Unequal Justice: A Question of Color
"... a compendium of evidence on racism as a component of law and social control in the US... The powerful data summarized here is worthy of intensive review and should be widely available." —Choice
"This work is definitely thought-provoking and causes the reader to question problematic assumptions which do often lead to bias. Her conceptualization of race through the minority experience is insightful and should be consistently addressed in future research." —The Criminologist
"... challenges the very theories that traditionally have been produced to explain the relationship of race and criminality and race and criminal justice decisions."¬ —Federal Probation
"Mann has produced an illuminating, thoroughly researched, and comprehensive treatment of the experiences of minorities in the criminal justice system. The book dispassionately provides persuasive evidence of the disparate treatment of African Americans, Hispanic Americans, Native Americans, and Asian Americans in the criminal justice system.
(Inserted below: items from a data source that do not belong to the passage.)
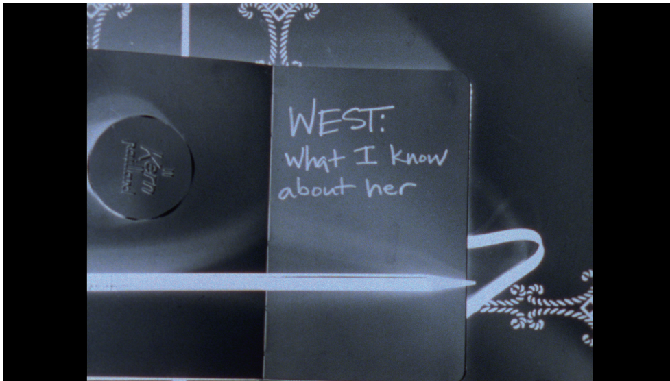
Figure 6: “Journal entry” from WEST: What I know about her

making of meaning. In WEST I relied predominantly on text that I “found” on historical markers as well as “journal entries” about the main character written under the camera. The film also featured strong ambient sounds and sound effects that helped to accent certain scenes. The film is a first person account told without voice over.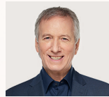
André Lamontagne Ministre de l'Agriculture, des Pêcheries et de l'Alimentation du Québec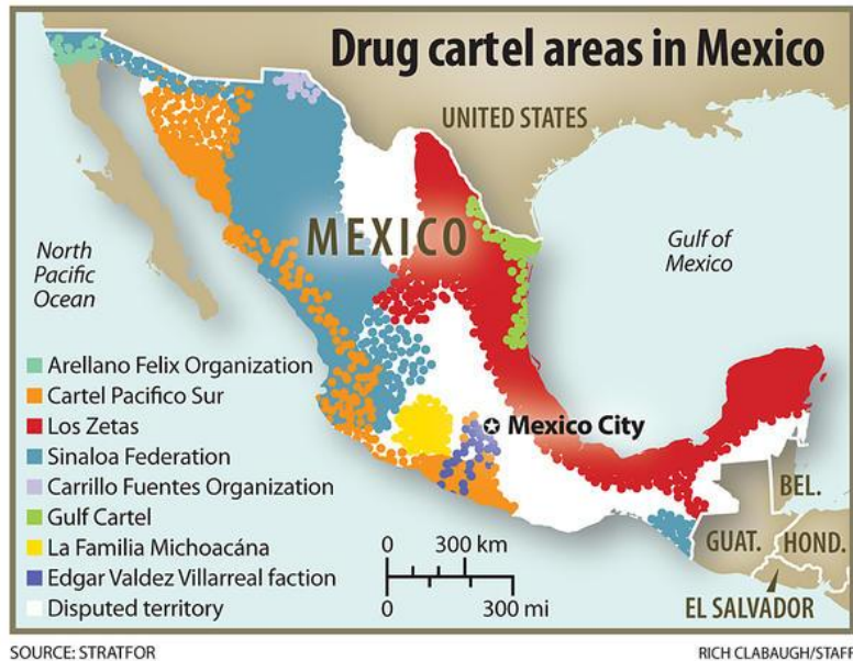
Figure 1. Drug cartel areas of influence.

The history of each group and its experiences in the criminal justice system is described at every stage, from arrest through incarceration. ¬Unequal Justice underscores the urgent need to find a way to promote justice in our legal system today."¬ —Mary Frances Berry, Member U.S. Commission on Civil Rights
Synthesizing research on race and crime through cross-cultural analyses, this monumental study reveals that peoples of color do not receive equal treatment in the U.S. criminal justice system and that this inequality is intimately related to their skin color. Minority perspectives stress how and why this discrimination is possible.